Do incydentu z udziałem zawodnika Liverpoolu oraz włoskiego obrońcy Giorgio Chielliniego doszło w meczu fazy grupowej mundialu 24 czerwca w Natal. Wybryk Suareza na boisku umknął uwadze arbitra, ale dwa dni później FIFA zdyskwalifikowała Urugwajczyka na dziewięć meczów reprezentacji, wykluczyła z jakiejkolwiek aktywności piłkarskiej na cztery miesiące i nałożyła grzywnę w wysokości 100 tys. franków szwajcarskich.

Po decyzji Komisji Odwoławczej FIFA urugwajskiej federacji pozostała już tylko apelacja do Międzynarodowego Trybunału Arbitrażowego ds. Sportu (CAS) w Lozannie.

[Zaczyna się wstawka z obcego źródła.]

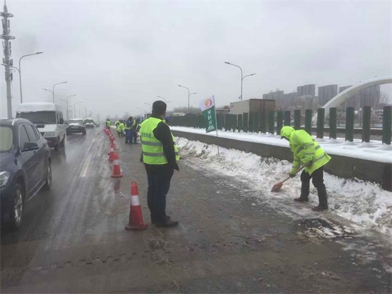16時(shí)40分,墨水湖大橋橋面積雪全部清理完畢;
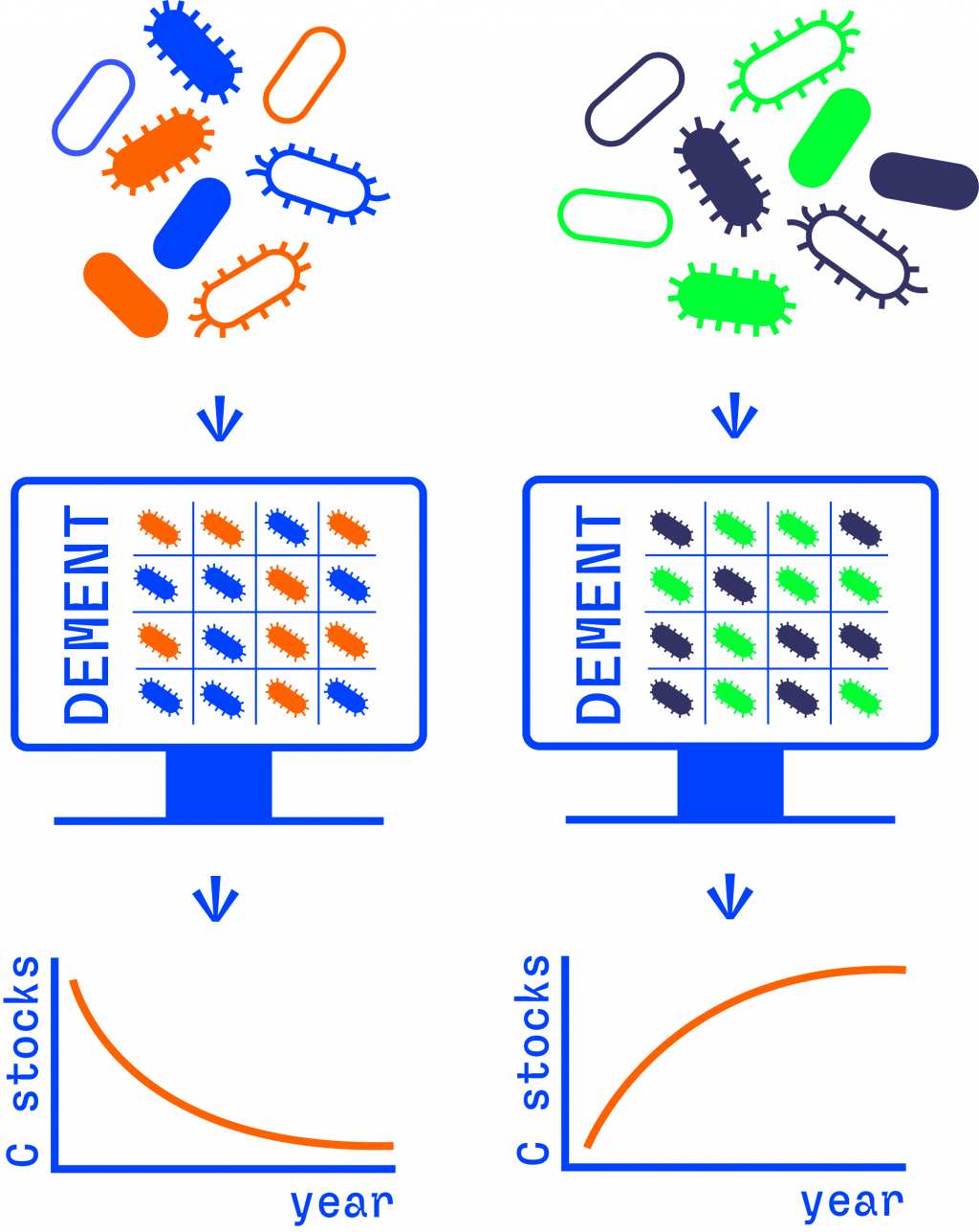 The GAMEchange project aims to overcome this limitation by leveraging the rapid expansion of microbial genomic data to build a new generation of biogeochemical models that explicitly incorporate microbial adaptation to global change. By combining genomics, eco-evolutionary theory, microbial modeling, and machine learning, GAMEchange links microscopic microbial processes to global climate projections. The goal is to determine where, when, and to what extent microbial evolution alters future soil carbon trajectories, and to lay the groundwork for a more realistic representation of soil–climate feedbacks in Earth system models.

Jeśli werdykt się uprawomocni, Suarez nie będzie mógł zagrać w żadnym spotkaniu Copa America w 2015 roku. Opuści też kilka meczów eliminacji mistrzostw świata 2018.

Urugwajczyk może niebawem przejść z Liverpoolu do Barcelony. FIFA dopuściła możliwość transferu, choć prawdopodobnie będzie musiał opuścić początek sezonu, niezależnie od tego, czy trafi do Hiszpanii, czy zostanie w Anglii.